§ TASK DETAILS
Using the listing below, copy exactly the lines from the one containing "Картофель почистить, нарезать" to the one containing "Далее я пошел", both lines included, and no others.

§ THE INPUT
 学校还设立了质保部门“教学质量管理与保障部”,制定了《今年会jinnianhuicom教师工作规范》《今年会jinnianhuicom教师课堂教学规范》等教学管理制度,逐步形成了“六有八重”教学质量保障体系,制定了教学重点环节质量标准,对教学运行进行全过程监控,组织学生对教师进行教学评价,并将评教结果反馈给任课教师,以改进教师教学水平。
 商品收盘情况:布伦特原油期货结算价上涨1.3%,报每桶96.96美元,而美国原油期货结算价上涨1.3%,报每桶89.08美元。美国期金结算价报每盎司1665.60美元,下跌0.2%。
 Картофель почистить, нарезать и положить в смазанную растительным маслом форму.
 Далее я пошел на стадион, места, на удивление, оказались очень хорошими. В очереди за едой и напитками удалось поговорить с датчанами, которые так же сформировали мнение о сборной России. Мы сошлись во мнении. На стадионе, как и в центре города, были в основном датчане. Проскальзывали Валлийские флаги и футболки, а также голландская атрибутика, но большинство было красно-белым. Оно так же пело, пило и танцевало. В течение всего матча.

==

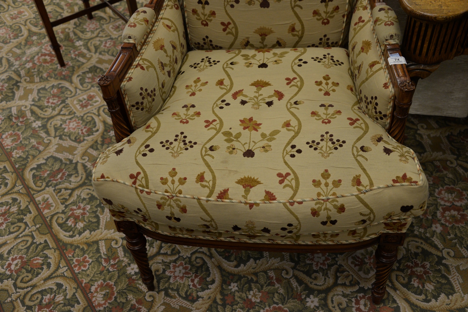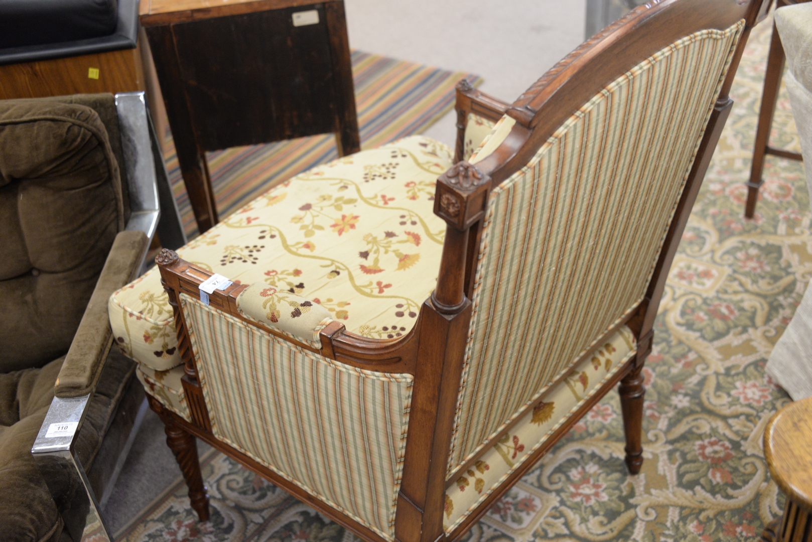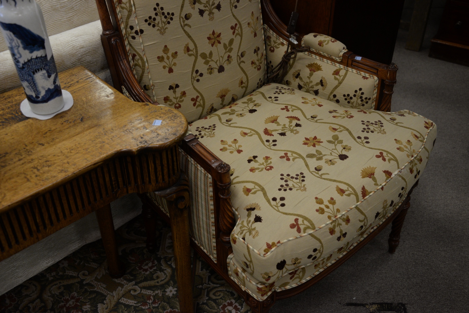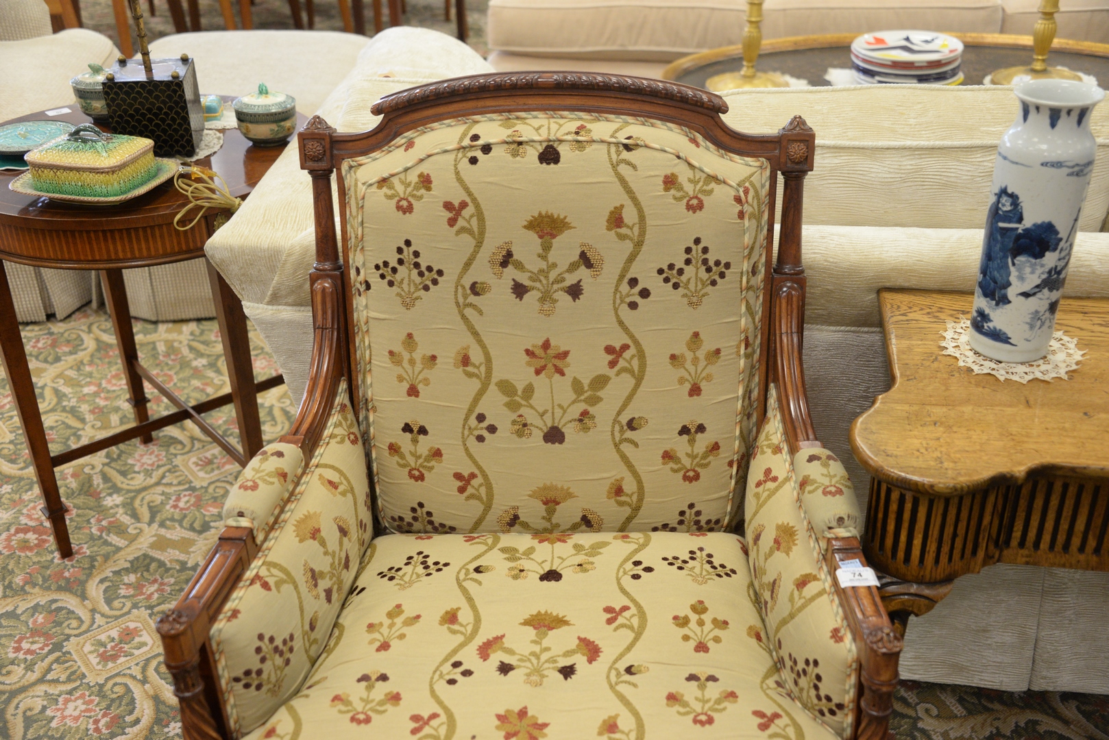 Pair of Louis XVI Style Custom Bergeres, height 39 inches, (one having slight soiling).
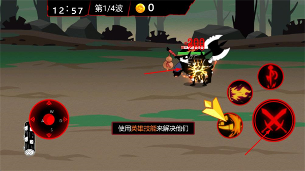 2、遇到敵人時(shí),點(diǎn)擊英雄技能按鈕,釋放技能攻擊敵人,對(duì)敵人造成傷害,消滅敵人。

...

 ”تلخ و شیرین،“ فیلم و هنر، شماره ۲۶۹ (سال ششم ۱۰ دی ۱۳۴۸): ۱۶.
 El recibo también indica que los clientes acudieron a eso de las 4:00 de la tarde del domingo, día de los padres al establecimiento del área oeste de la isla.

§ SOLUTION TO THE EXERCISE
 Картофель почистить, нарезать и положить в смазанную растительным маслом форму.
 Далее я пошел на стадион, места, на удивление, оказались очень хорошими. В очереди за едой и напитками удалось поговорить с датчанами, которые так же сформировали мнение о сборной России. Мы сошлись во мнении. На стадионе, как и в центре города, были в основном датчане. Проскальзывали Валлийские флаги и футболки, а также голландская атрибутика, но большинство было красно-белым. Оно так же пело, пило и танцевало. В течение всего матча.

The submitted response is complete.